The drastic increase in resting walrus numbers is a grave concern, as it is probable that climate change is responsible. A decrease in the amount of floating ice in the Chukchi Sea has forced more walruses to find rest on dry land. "The massive concentration of walruses onshore - when they should be scattered broadly in ice-covered waters - is just one example of the impacts of climate change on the distribution of marine species in the Arctic," said Margaret Williams, the director of the World Wildlife Fund's Arctic program, in a statement to the Associated Press. "The walruses are telling us what the polar bears have told us and what many indigenous people have told us in the high Arctic, and that is that the Arctic environment is changing extremely rapidly and it is time for the rest of the world to take notice and also to take action to address the root causes of climate change."

Sea ice in the Chukchi Sea has been in decline for decades - the US Geological Survey says that "in 6 of the last 9 years, the Chukchi Sea shelf was ice-free-with periods of no ice cover extending from 1 week to as much as 2.5 months. In contrast, there was always some ice over the Chukchi Sea shelf in all of the previous 20 years."

(Corey Accardo, AP/NOAA)

Not having enough floating ice to rest on can be dangerous for walruses. "With less sea ice, walruses will likely spend more time on shore haulouts along the Russian and Alaskan coasts where foraging trips may be more limited to foraging grounds nearby.
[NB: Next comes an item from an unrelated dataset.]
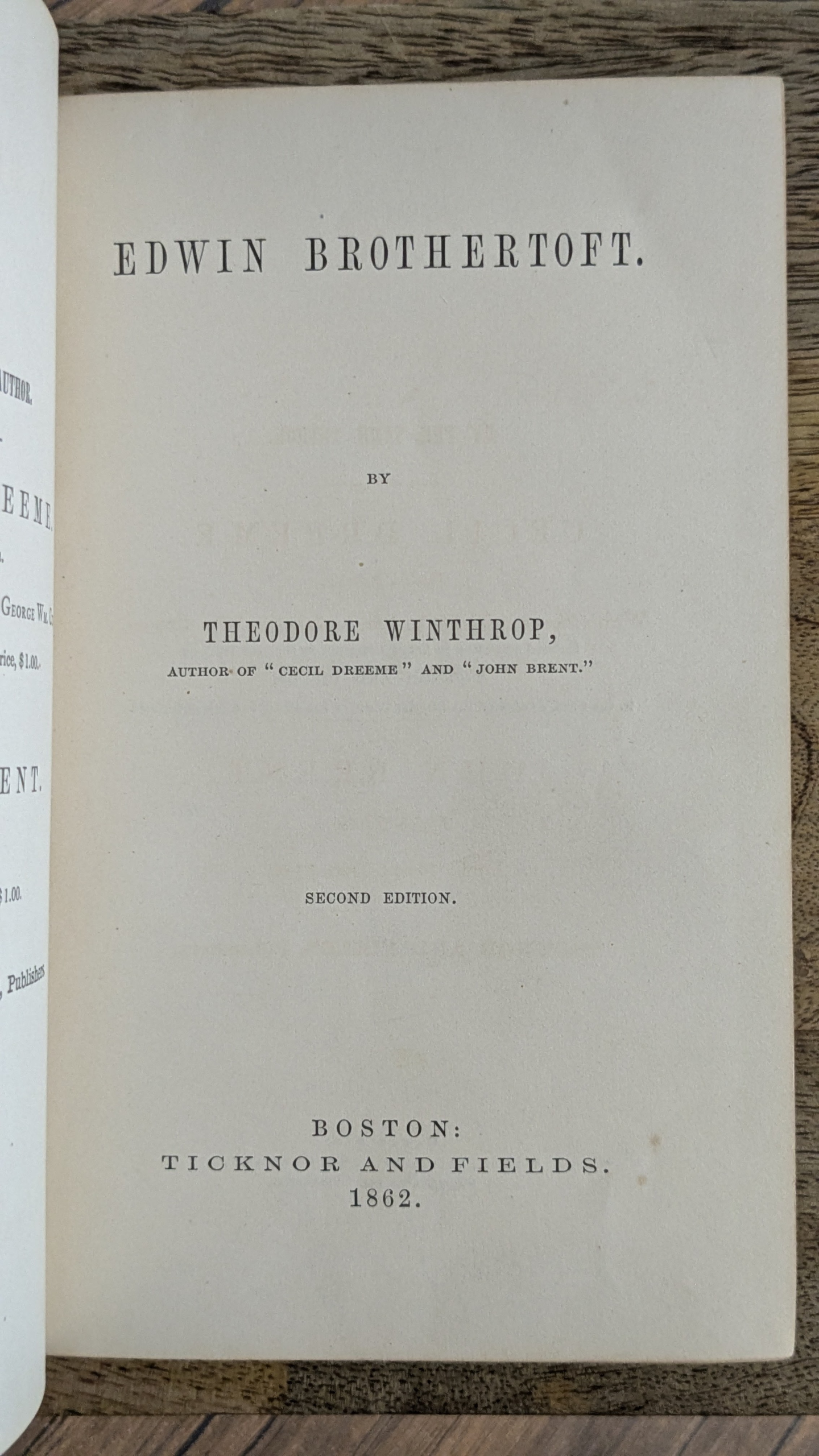 Edwin Brothertoft (1862) — Theodore Winthrop — First Edition | Second Printing
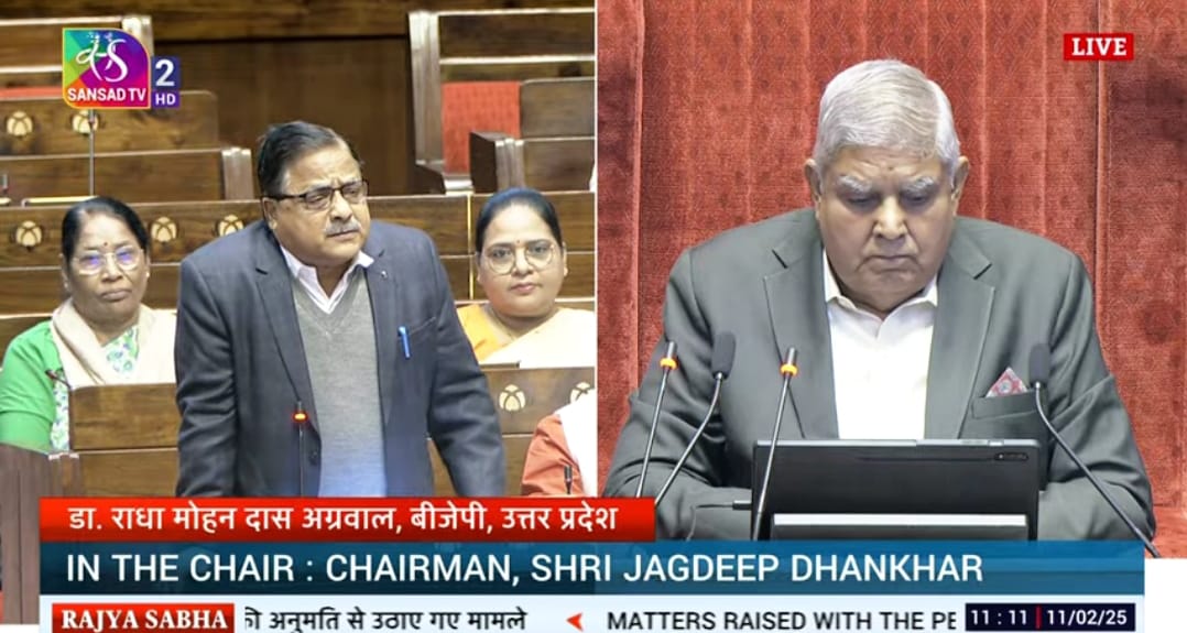 भाजपा सदस्य डॉ. राधा मोहन दास अग्रवाल ने संविधान की मूल प्रति पर इलस्ट्रेशन होने का उल्लेख करते हुए कहा कि जो प्रतियां छप रही हैं और प्रसारित हो रही हैं, उन पर ये इलस्ट्रेशन नहीं छप रहे हैं। उन्होंने मोहन जोदड़ो की सभ्यता से लेकर भगवान राम के अयोध्या लौटने, कुरुक्षेत्र में अर्जुन को उपदेश देते भगवान श्रीकृष्ण से लेकर भगवान बुद्ध तक की तस्वीरें छप रहे संविधान पर नहीं होने का मुद्दा उठाया। इस पर सभापति धनखड़ ने कहा कि भारत के संविधान, जो हस्ताक्षरित है, वही हमारा संविधान है। जिस प्रति पर संविधान के निर्माताओं ने दस्तखत किए हैं, उसका अभिन्न अंग है। 22 कृतियां जो भारत की सांस्कृतिक यात्रा के 5000 साल दर्शाती हैं।

Calves and yearlings suffer increased mortality on terrestrial haulouts when disturbances cause the herd to panic and rush to the water running over and crushing the smaller animals," the Alaska Department of Fish and Game writes. The loss of sea ice also means that walrus mothers cannot leave their young on the floating ice in order to find food, thereby greatly reducing foraging opportunities for the species.

It's possible that stampeding has already caused considerable fatalities at Point Lay. US Fish and Wildlife Service spokesperson Andrea Medeiros said that the agency was assembling a necropsy team to determine the cause of death behind roughly 50 walrus carcasses that have been spotted on the beach.

In the midst of this sea ice crisis, the US Fish and Wildlife Service is currently considering listing the Pacific walrus as an endangered species.